Ash, the son – Whitacre told us his name during the performance but I may have spelled it incorrectly – wore a
grey suit not unlike the suit his father wore on stage. Ash featured in many of his father’s
stories about how Whitacre came to compose this or that particular piece of music.
I'm not usually taken in by so
much beauty but as I say it was the entire package. Not only the man’s ability as a composer but also his
ability to present himself to the public, his warmth and generosity. It took
me by storm.
A voice inside kept
saying this cannot be. It
cannot be so picture perfect. But
why spoil it with my doubts? Am I
envious? Why want to tone it down with a few
hard edges? Even the overall
effect for me became a hard edge, but why can I not trust to the appearances
and enjoy the ride? Why so
cynical?
I stood around afterwards for at
least half an hour chatting to my daughter and her friends and when I left
there was still a queue of people waiting to ask Whitacre to sign copies of his CD. The queue stretched the width of the Blackwood hall and I felt for this man who after
the fifth round of applause had raised his hands to his mouth in a gesture of
drinking. He then looked upwards as if to say to the audience, enough adulation no, let’s all
go upstairs for a drink.
No drink for him I imagine till
well after midnight, but I suppose it’s all part of the deal, the price of
fame, and it sells CDs.
I gave a talk myself on Friday
afternoon to a small group of psychology students at Swinburne. I’m not an accomplished speaker but I
tried hard to present material in such a way that they might be
interested.
From the onset, as I spoke, I noticed
a man directly in front of me about five rows up who sat beside another
man. Both were older men, older relative
to many of the students, and they chatted
openly to one another during the prepared part of my talk.
I had the impulse to stop speaking
and to ask them if they had wanted to leave. For the first time in my limited lecturing experience I knew
what it felt to be a teacher with unruly students.
At one point the instigator of the
chats, at least as far as I could see, stopped chatting and turned to face the side of
the small lecture theatre away from the other man. He sat that way for at least half of my talk. I kept
waiting for him to leave. I wanted
him to leave, however much it might have seemed like a public thumbs down from him.
This man gave me no sense of confidence
in what I was saying but I ploughed on.
I knew in time I would play some you tube versions of therapy and that
we could discuss them altogether and that the event might become more alive,
more alive than having me simply drone on.
Not that I droned on but I had worried that students these
days do not value being lectured to.
They prefer interaction. And indeed things came more alive after I had
explained where I was coming from and launched into a discussion of other
people’s performances as therapists as portrayed online.
To my surprise when it was all over
the disruptive man came down to me at the podium and expressed his gratitude
for my talk. He introduced himself
and offered to show me his written feedback, which he must have written during my talk.

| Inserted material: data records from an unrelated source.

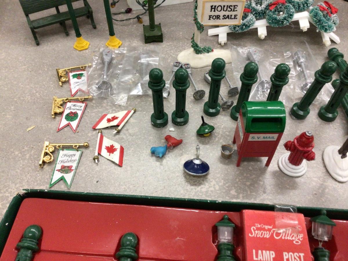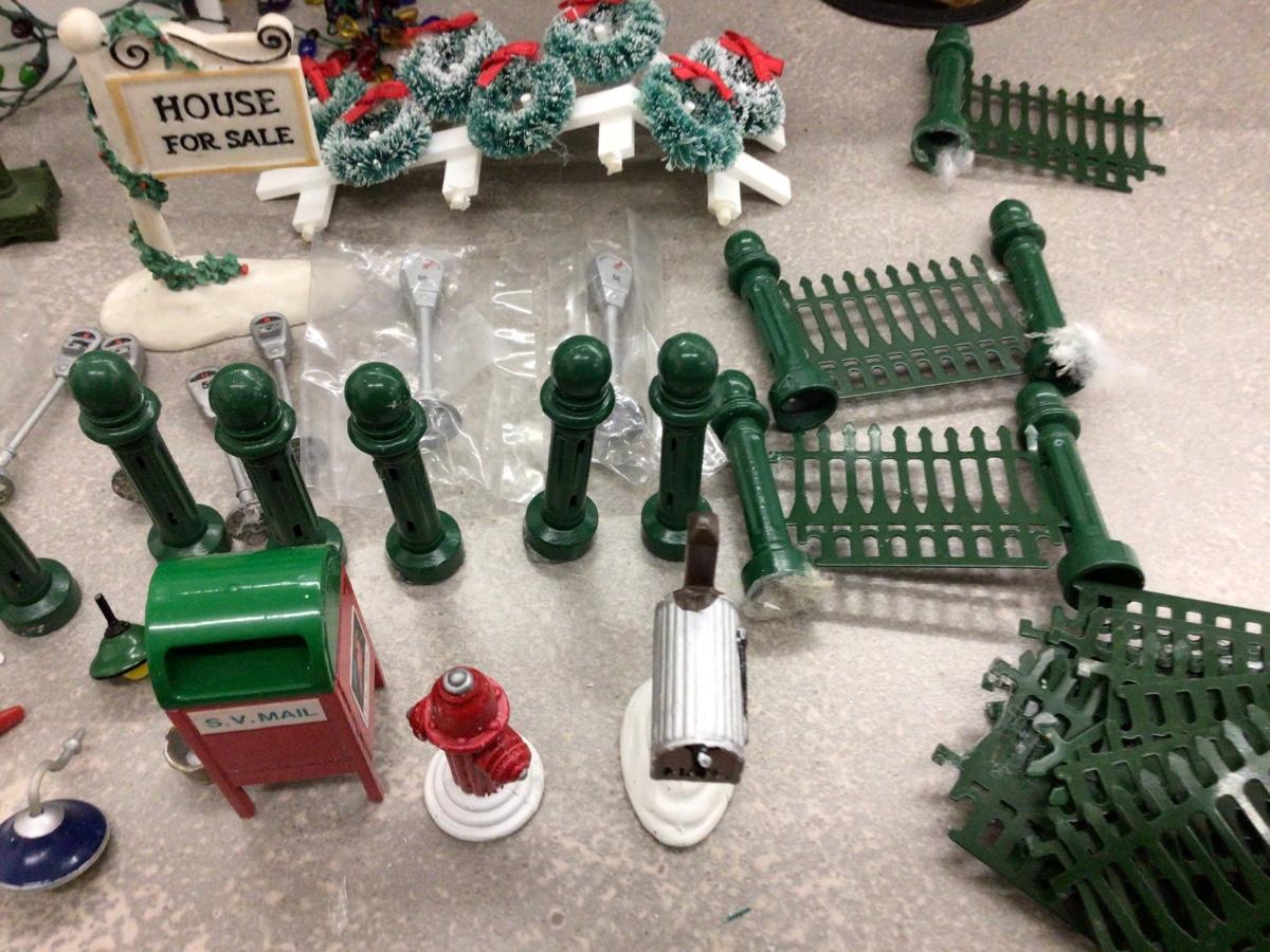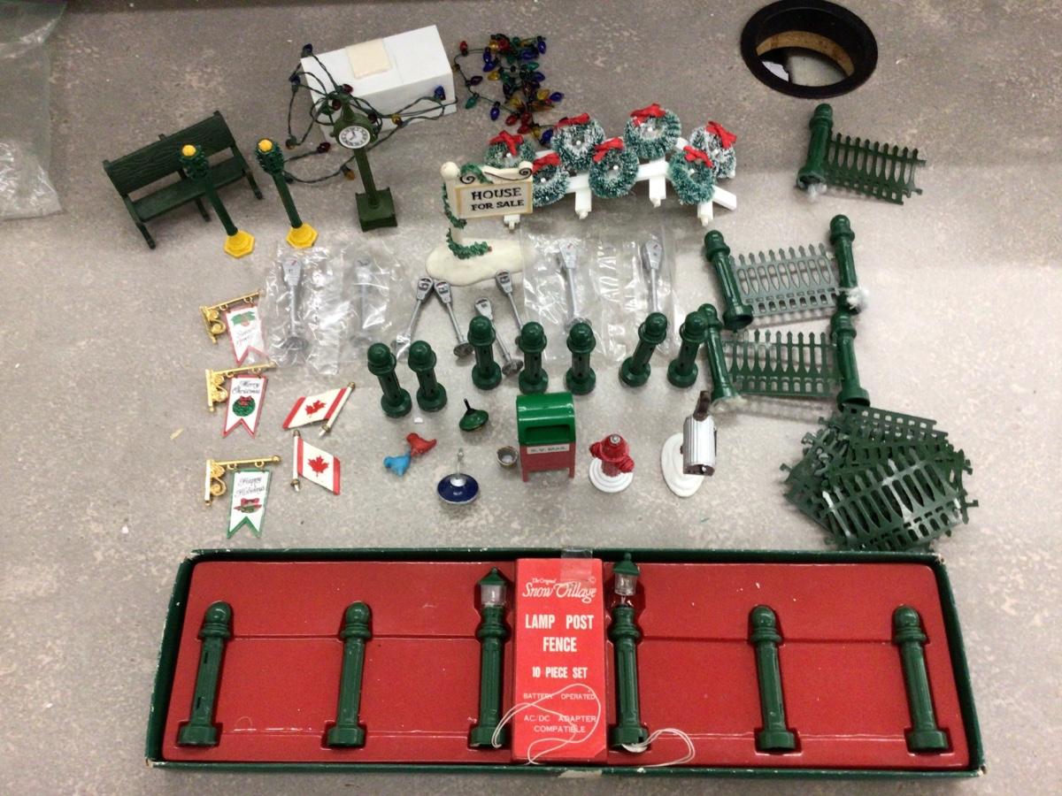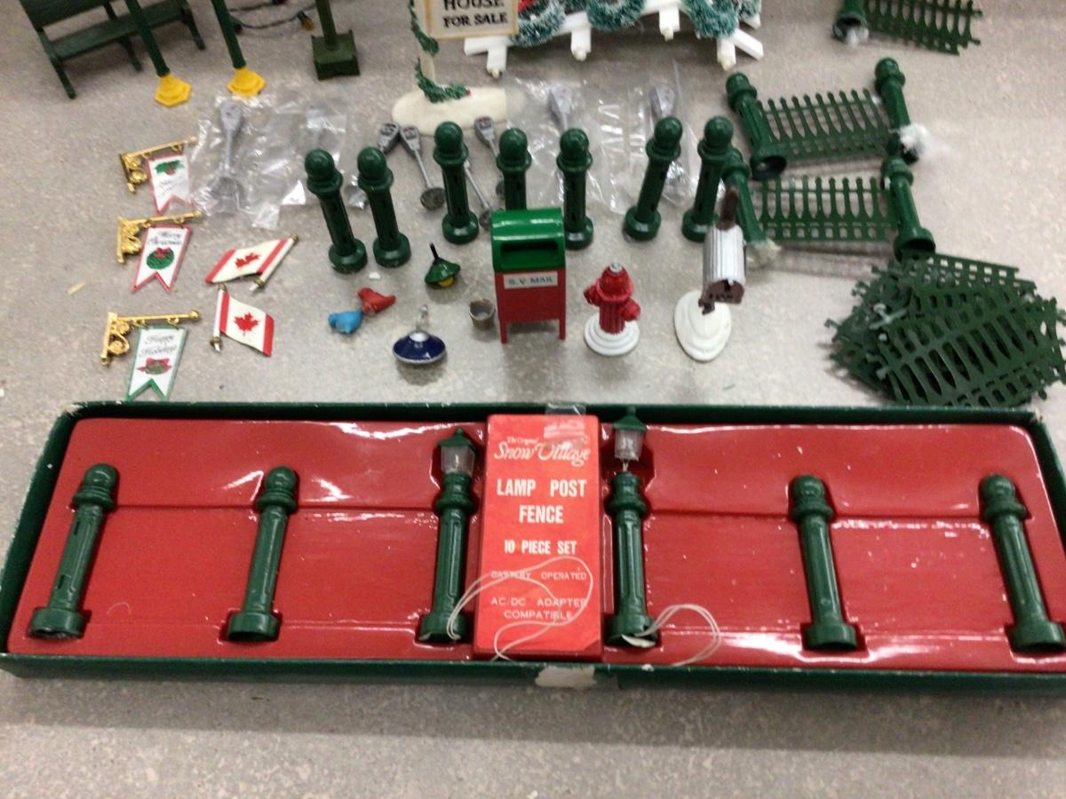 You get Dept. 56 fencing, posts, signs, wreathes, lights, clock,mail box, flags, birds fire hydrant, parking meters bench, and more.
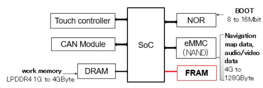 環(huán)境傳感器&攝像,車聯(lián)網(wǎng)通信技術(shù)和人工智能決策平臺是自動駕駛技術(shù)的核心技術(shù)。傳感器,CAN通信,infotainment這些系統(tǒng)需要實時和持續(xù)地存儲當(dāng)前狀態(tài)信息,并進行實時分析和處理。因此需要提高存儲器的性能和耐久性設(shè)計,這些要求使FRAM成為理想的存儲選擇。
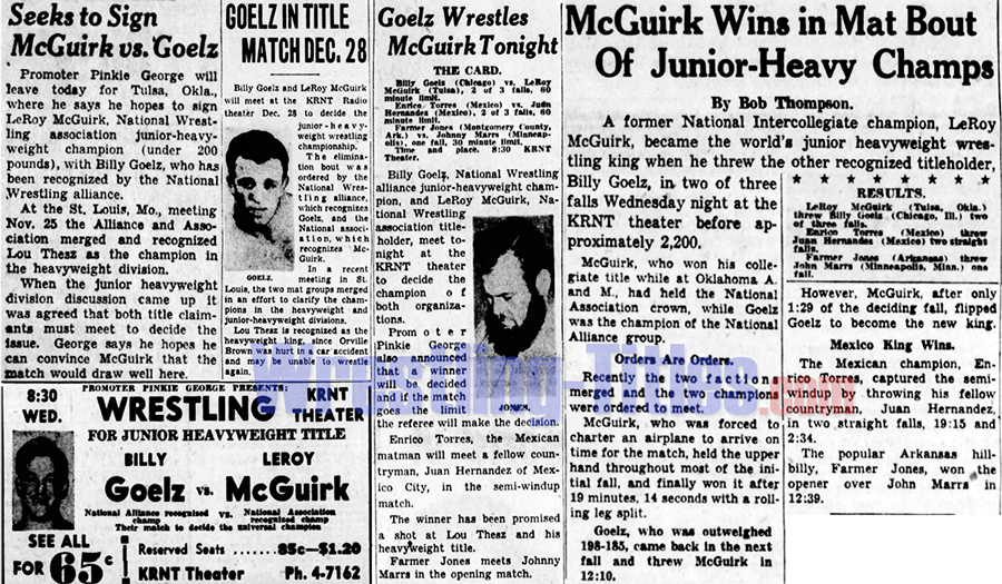 | Has won National Wrestling Association title, defeating John Swenski on 39-06-19 in Hollywood, CA; has been officially recognized as the Alliance champion at the annual meeting in 49-11; defeats Goelz on 49-12-28 to "unify" both titles; vacant on 50-02-07 when McGuirk blinded in an auto accident; Goelz continues to defend the title in Illinois and Wisconsin (at least until 51-04); Danny McShain claims the title in Oklahoma in 50-06 and 50-07. | |||||||||||||||||||||||

It was the strangest of feedback wherein he described the first part of my talk
as like
‘Skyhooks - Living in the seventies', because I had described in some
detail my origins in the field, and then he told me that the discussion part where I
explained my position had completely changed his view on ‘this caper’, as he
called it, this caper by which I presume he meant psychology.
He was fifty years old he told me
and new to the field. How
strange. I could not get him out
of my mind for some time. I still do not know whether he was critical or
pleased. He seemed to hear my
words despite his chatter but what he has made of them I suppose I will never
know.
The person organising the course
made a fuss of distributing the feedback sheets before the talk and her intern
collected them after the event.
Somehow to me the collection of feedback sheets so close on the heels of
my talk felt a little like people throwing money at me as if I had become a
busker. The more money paid the
more successful I would be. The
better the feedback the more I deserved to be paid. Another strange feeling.
I do not intend to make a habit of
these talks and so I tell myself the feedback is not of such huge consequence but of course I dread the thought I may have bored them silly.
I am no Eric Whitacre, such a
talented man, but I thought I had something worthwhile to say. My only hope now is that I could be
heard. Isn’t that why any of us do
these things? To be heard?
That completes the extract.